Not surprisingly, given the downturn in economic activity, the Quarterly National Household Survey for June-August 2001, shows a reversal in the downward trend in unemployment. There was an increase of 1,800 in the number unemployed in the June-August quarter, compared to the same period last year. By contrast, the number unemployed fell by 9,500 in the year to March-May 2001. The unemployment rate picked up to 4.3 per cent in the third quarter from 3.7 per cent in the second quarter.
More worryingly, the Live Register has risen sharply in the past two months, climbing by 12,700 in October and November, pointing to heavy job losses in the final quarter of this year.
GDP growth is likely to slow to zero or even turn negative in the current quarter. Nevertheless, because of the strong growth performance in the opening half of the year, GDP growth for 2001 as a whole is likely to be of the order of 7 per cent.
The economy, however, will enter 2002 with very little momentum. Zero or negative growth is likely to persist in the opening quarter of next year. House building, business investment, manufacturing and tourism all seem set for a difficult first half to 2002.

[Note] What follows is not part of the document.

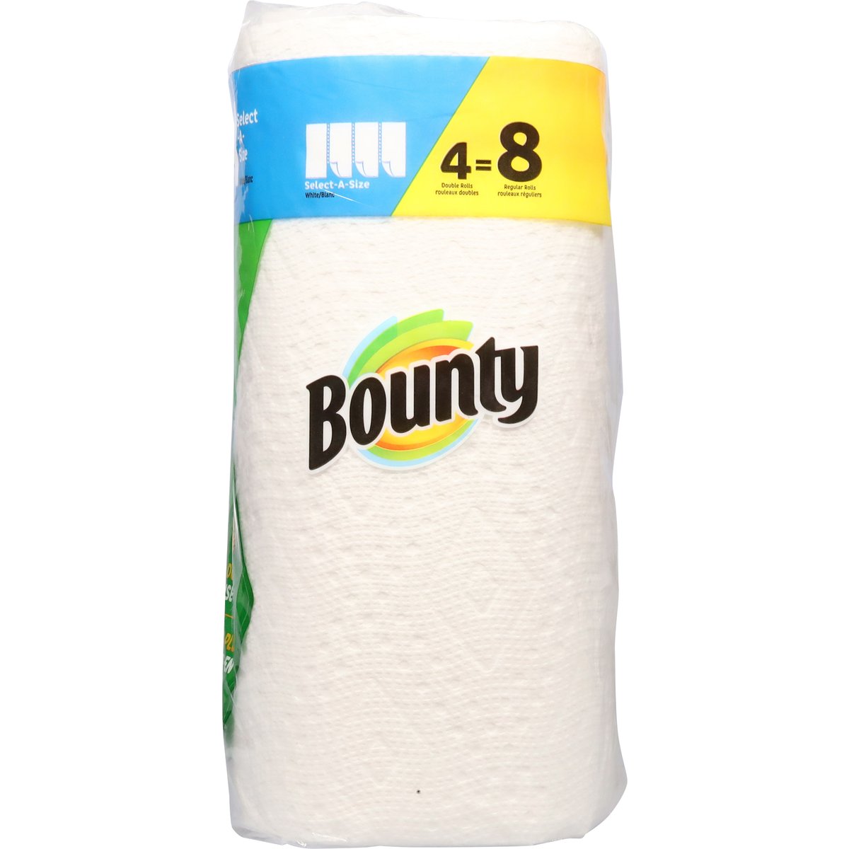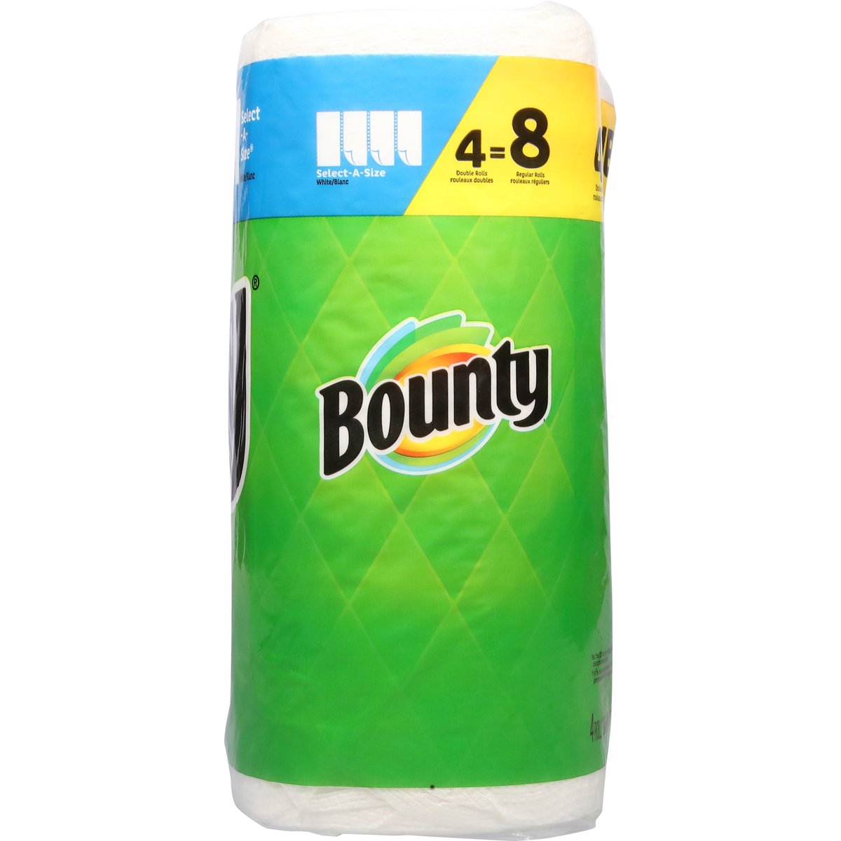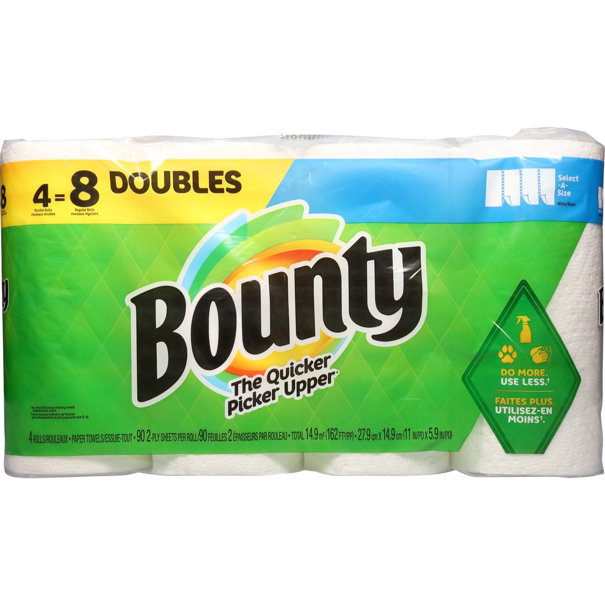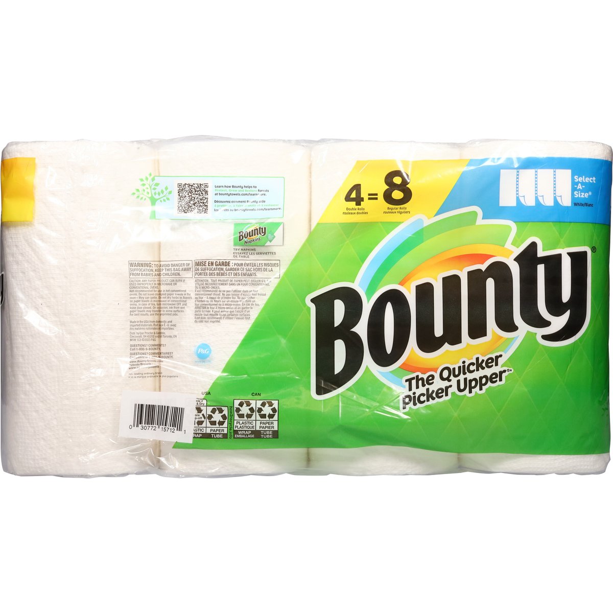 27.9 cm x 14.9 cm (11 in x 5.9 in). Total 14.9 sqm (162 sq ft). 4 double rolls = 8 regular rolls. The quicker picker upper*. Do more. Use less(a). (a) vs. the US leading ordinary brand customizable sheet. * vs. leading ordinary brand. how2recycle.info. www.BountyTowels.com. www.pg.com. Questions? Comments? Call 1-800-9-Bounty. Try on Bounty Napkins. Learn how Bounty helps to protect, grow and restore forests at bounty.towels.com/learnmore. Made in the USA from domestic and imported materials.

However, there are areas of residual strength in the economy. Consumer spending should grow by around 4 per cent in 2002, given the continuing strong rise in disposable incomes. Government spending will also rise sharply next year. Exports should begin to pick up later in the year if the world economy turns upwards as expected by mid-2002.
Even allowing for these positive factors, GDP growth is likely to average no more than 3.75 per cent in 2002 given the weak start to the year. A lower growth rate is certainly plausible if the weakness in activity evident since mid-2001 persists for most of next year.
The likelihood, however, is that expansionary fiscal policies and, in particular, very low interest rates will lead to a rebound in activity over the course of 2002, both at home and abroad. It will be late 2002, however, before the Irish economy is back operating at full tilt.